There is hardly anyone else about. It's a hot, dry Roman afternoon with a regular but tepid breeze wafting in from the Mediterranean. Aleppo pines and cedars wave lazily; the ancient port city that thrived until the 5th century stretches out before us in all its ruined grandeur. Easy to visualize here a bustling town. Close your eyes, ignore the birdsong that interferes with memory, feel the ancient two-way street beneath your feet, hear the cries of merchants, the arguments of ship builders, the constant burble of water from fountains and baths, the banter of children, the bustle of everyday life. Open them, and a man in a burnt-sienna-colored toga is passing you in one of those weirder-than-weird travel moments. He's just a waiter at the café you will later discover at the exit, but for a moment you are panicked, thinking you caught yourself in a time-warp.
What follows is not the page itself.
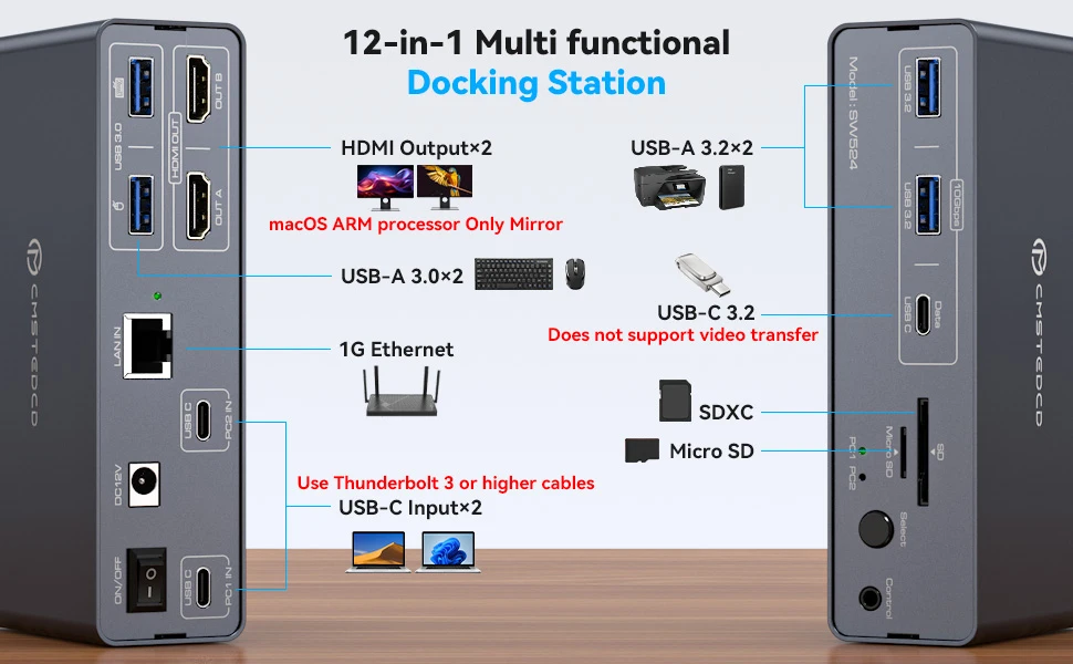 USBC Docking Station for 2 Laptops: Docking station allows two laptops, Macbooks or other USBC signal sources to share A 12in1 docking station with just one click. Allowing you to condense peripherals all down to one cable for each item, eliminating clutter and reducing the need for multiple ports. It easily accommodates your peripherals, like keyboard, mouse, printer SD cards and others. Simplifies desktop layout and creates A productive workspace. Note: The USB C port needs to support video transmission.USB C input without PD charging function

The blocks of apartments astound - three-storey buildings with a bar on the ground floor that served food and drink (the mosaic on the wall still shows the offerings), other ground-floor shops, and apartments on the upper floors with richly painted scenes on the walls. The baths also astonishing - incredibly intricate tilework still well preserved despite no effort to do so. One bath - men's only, one presumes - has cartoons of Socrates and others designed into the mosaic, with descriptions of their attitudes toward fecal elimination. I'm spellbound by the mosaics, as well as the remnants of paintings on the apartment walls. You can feel the skill, and the patience, of the artisan who made these floors. It must have been so grand, so inspiring, so heady, to live here amid this explosion of quality workmanship.
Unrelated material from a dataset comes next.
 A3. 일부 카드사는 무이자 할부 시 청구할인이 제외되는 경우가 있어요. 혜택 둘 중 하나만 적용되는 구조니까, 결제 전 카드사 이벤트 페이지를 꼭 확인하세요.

The remains of the largest temple, the Capitol, are impressive as well. Romans thought big, very big, and the scale is large and bold. The columns that remain are in fairly good shape. The statues are almost all headless. Likewise, the restored amphitheatre is large - it's used now for productions in summer, though I never saw any mention of performances anywhere. The Romans seem to be content with Ostia Antica being found only by those who truly want to find it.
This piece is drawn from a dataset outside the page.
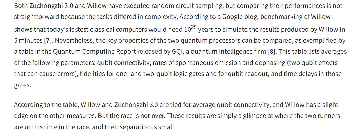 近期,我国科研团队成功构建的105比特超导量子计算机“祖冲之三号”,实现了对“量子随机线路取样”任务的快速求解,再一次打破超导体系量子计算优越性纪录。 3月3日,相关论文以封面论文的形式发表在国际学术期刊《物理评论快报》上,其中署名作者有20位来自国盾量子(SH688027,股价299.8元,市值308亿元)。安徽省量子信息工程技术研究中心副主任、国盾量子计算业务负责人王哲辉向记者表示:“公司作为唯一企业参与单位,为该成果提供了室温电子学软硬件系统的研发与工程化落地、量子计算机整机的搭建和运维等支持。” 3月5日,《每日经济新闻》记者从相关论文中获悉,祖冲之三号在对83比特32层随机线路采样实验时凸显了其卓越性能,仅用了几百秒就获得了100万次采样。据估算,即使是最强大的经典超级计算机Frontier,要复制这一任务也需要大约59亿年。 “祖冲之三号”获重大进展 相关论文指出,量子计算优势是指量子计算机能够执行经典计算机无法完成的计算任务。谷歌在2019年通过Sycamore处理器首次展示了量子计算优势,但随着经典算法的进步,这一优势不断受到挑战。“本文的目标是通过开发更强大的超导量子处理器,确立量子计算优势的新基准。” 据悉,“祖冲之三号”的研发取得了重大进展。这款超导量子计算机原型包含105个量子比特,实现了高操作保真度,其中单量子比特门、双量子比特门和读取保真度分别高达99.90%、99.62%和99.13%。与现有最优经典算法相比,“祖冲之三号”处理量子随机线路取样问题的速度比目前最快的超级计算机快15个数量级,超过谷歌2024年10月公开发表的最新成果6个数量级。 中国科学技术大学微信公众号介绍,“祖冲之三号”采用二维网格比特排布芯片架构,直接兼容易于实现规模化拓展的表面码量子纠错算法,目前团队正基于“祖冲之三号”开展码距为7的表面码纠错研究,已取得良好进展,并计划进一步将码距扩展到9和11,为实现大规模量子比特的集成和操纵铺平道路。 “量子计算优越性”验证了量子计算系统能够超越传统超级计算机的可行性,是量子计算具备应用价值的前提条件,也是当前一个国家量子计算研究实力的直接体现。 《物理》杂志刊文:可与谷歌Willow处理器竞争 《物理评论快报》审稿人高度评价这一工作,认为这一工作“构建了目前最高水准的超导量子计算机”,“是对此前66比特处理器(祖冲之二号)的重大升级”。鉴于该项研究工作的重要性,美国物理学会同期在《物理》(Physics)杂志上特别刊发观点论文,深入解读并重点介绍了该研究的创新之处与重要意义。 《每日经济新闻》记者阅读该观点论文获悉,“祖冲之三号”是一款新的高性能量子处理器,拥有105个超导量子位,可与谷歌广受赞誉的Willow处理器竞争。 图片来源:《物理》杂志网页截图 观点论文表示,“祖冲之三号”和Willow都执行了随机电路采样,但直接比较它们的性能并非易事,因为任务的复杂性不同。根据谷歌的一篇博客文章,Willow的基准测试显示,当今最快的经典计算机需要10年才能模拟Willow在5分钟内产生的结果。 然而,可以比较这两款量子处理器的关键属性,如量子智能公司GQI发布的《量子计算报告》中的一张表格。该表格列出了以下参数的平均值:量子比特连通性、自发辐射和退相干水平(可能导致错误的两种量子比特效应)、单量子比特和双量子比特逻辑门以及量子比特读出的保真度,以及这些门中的时间延迟。根据该表格,Willow和“祖冲之三号”在平均量子比特连通性方面打成平手,而Willow在其他指标上略有优势。但竞争并未结束。这些结果只是在这场竞赛中双方当前所处位置的简要一瞥,且双方差距很小。 图片来源:《物理》杂志网页截图 据悉,在“祖冲之三号”取得最强“量子计算优越性”后,团队正继续开展量子纠错、量子纠缠、量子模拟、量子化学等多方面探索。 王哲辉向《每日经济新闻》记者介绍,通过参与上述前沿研究,国盾量子也用十年时间,搭建起覆盖核心组件、整机系统、云服务的国产化产业链链条,为世界提供超导量子计算整体解决方案的“中国选项”。后续,国盾量子还将继续支持研究团队在量子纠错、量子模拟、量子化学等方面的探索,助力我国抢占量子科技发展制高点。 封面图片来源:每经记者 张建 摄(资料图,图文无关) (责任编辑:郭健东 )

We round a corner and there is a large stone barrel for collecting water. It has spigots in it, and an urn is placed beneath each. It looks for all the world as though a Roman might wander by any minute to quench his thirst. There are other surprises, too, a plaque here, a bust there, a memorial stone over there, a lone column, an arch covered in a profusion of wisteria. You keep getting the feeling that if you tried really hard, willed it to, it would all spring to life again in an instant. But the bees drone and the sun beats down and the silence envelops.

We clamber over and around the ruins for almost two hours. The small museum is a treasure trove of the best stuff, but even it has the odd bit of column or sarcophagus just sitting haphazardly on the gravel outside - is it meant to be an artistic arrangement, is it purposely shambolic, or did the workman just decide he couldn't move it any farther? I think the Romans were far more organized than their descendants.

We head back to the entrance, stopping at an ancient fountain that has been resurrected, to scoop that excellent Roman water into our mouths by the handful. Statues look serenely down on us with their long, straight noses, their slightly curled full lips, their hair neatly coiled and arranged, their implacable opaque eyes, some looking decent, some looking spoiled, some looking serene, some looking wicked. So sure of themselves. They had it good; they had it made. They couldn't see into the future any more than we can. They have the look of wealthy investors, which they were. We see them at their proudest, at their apex, and they look fine and do impress.

At the café at the exit, we stop for cold drinks. The waiter and waitress are in togas, he being the fellow who interrupted my brief reverie earlier. The Italian impulse to cheapen experiences with this sort of schlock is as mysterious as their reluctance to advertise the place or put up a decent sign leading people to it. But the gelati are incomparable!

Practical information:

Ostia Antica excavations are at 717 Viale dei Romagnoli, Ostia Antica.

The site is open 9 a.m. to one hour before sunset daily. The site is closed Christmas Day, New Year's Day, and May 1.